■ **What you need to do**
Within the listing below, give again exactly the lines between the one containing "工楽松右衛門旧宅駐車場をイベ" and the one containing "Este lunes se", inclusive, pictures left aside.
==== Records to use ====
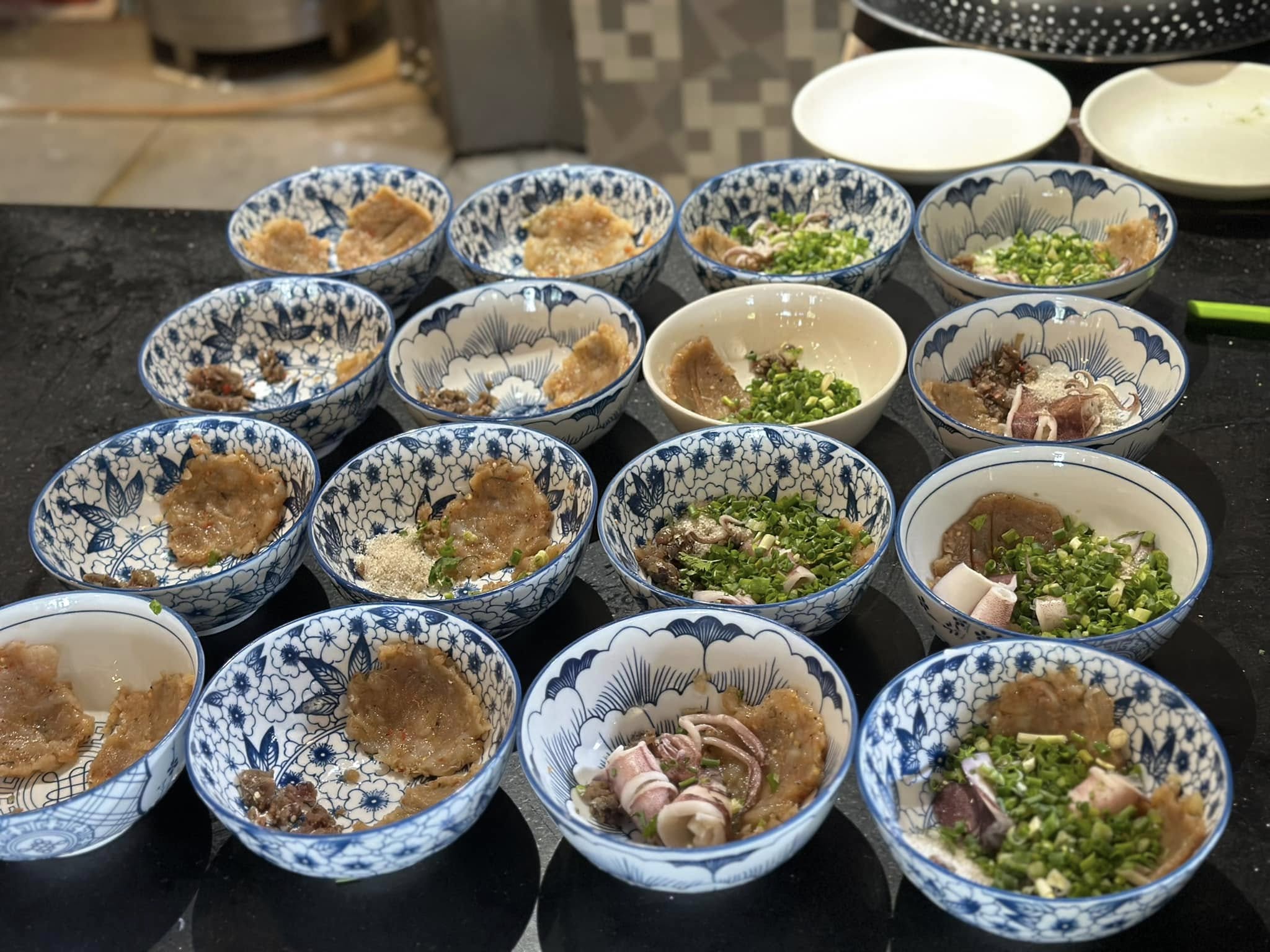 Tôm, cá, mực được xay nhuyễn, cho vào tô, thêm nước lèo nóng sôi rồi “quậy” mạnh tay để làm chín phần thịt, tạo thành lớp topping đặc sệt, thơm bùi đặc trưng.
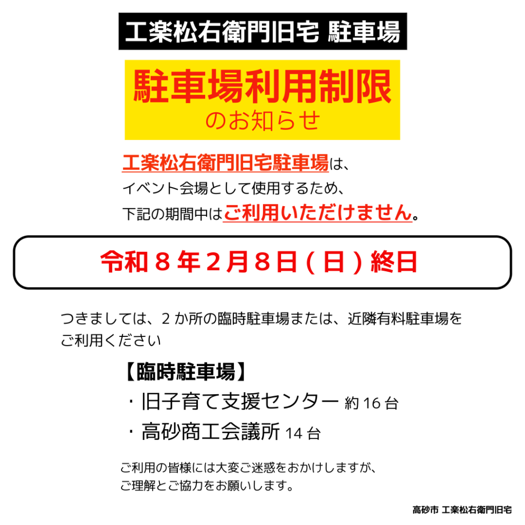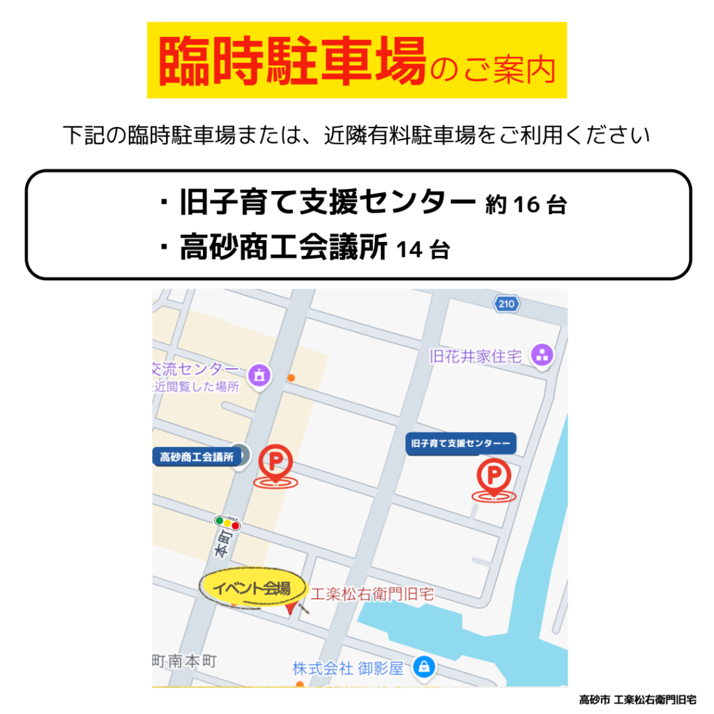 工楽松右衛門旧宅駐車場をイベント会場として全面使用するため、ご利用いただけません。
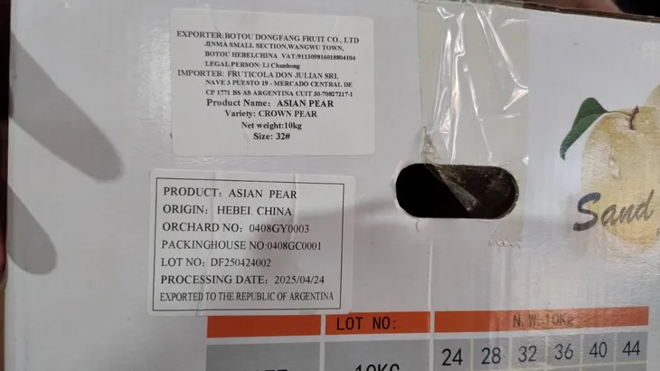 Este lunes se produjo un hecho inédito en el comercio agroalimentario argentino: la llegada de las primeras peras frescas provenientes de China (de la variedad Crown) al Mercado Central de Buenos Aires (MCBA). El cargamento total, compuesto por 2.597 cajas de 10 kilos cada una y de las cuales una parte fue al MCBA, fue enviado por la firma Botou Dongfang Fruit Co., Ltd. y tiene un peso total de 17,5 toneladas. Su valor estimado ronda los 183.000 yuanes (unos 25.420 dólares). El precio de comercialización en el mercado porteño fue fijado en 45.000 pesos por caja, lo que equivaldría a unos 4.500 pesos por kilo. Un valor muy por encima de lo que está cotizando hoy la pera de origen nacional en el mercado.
====
==== Records to use ====
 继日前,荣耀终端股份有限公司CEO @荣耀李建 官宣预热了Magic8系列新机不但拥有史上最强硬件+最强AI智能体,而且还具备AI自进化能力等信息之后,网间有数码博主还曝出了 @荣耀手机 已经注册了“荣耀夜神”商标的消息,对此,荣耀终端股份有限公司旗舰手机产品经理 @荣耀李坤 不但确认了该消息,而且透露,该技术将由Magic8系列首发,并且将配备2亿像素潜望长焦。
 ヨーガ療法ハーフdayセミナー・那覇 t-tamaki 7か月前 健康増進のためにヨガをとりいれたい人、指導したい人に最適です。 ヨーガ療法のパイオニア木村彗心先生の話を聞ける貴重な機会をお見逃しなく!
====
■ **Written solution**
 工楽松右衛門旧宅駐車場をイベント会場として全面使用するため、ご利用いただけません。
 Este lunes se produjo un hecho inédito en el comercio agroalimentario argentino: la llegada de las primeras peras frescas provenientes de China (de la variedad Crown) al Mercado Central de Buenos Aires (MCBA). El cargamento total, compuesto por 2.597 cajas de 10 kilos cada una y de las cuales una parte fue al MCBA, fue enviado por la firma Botou Dongfang Fruit Co., Ltd. y tiene un peso total de 17,5 toneladas. Su valor estimado ronda los 183.000 yuanes (unos 25.420 dólares). El precio de comercialización en el mercado porteño fue fijado en 45.000 pesos por caja, lo que equivaldría a unos 4.500 pesos por kilo. Un valor muy por encima de lo que está cotizando hoy la pera de origen nacional en el mercado.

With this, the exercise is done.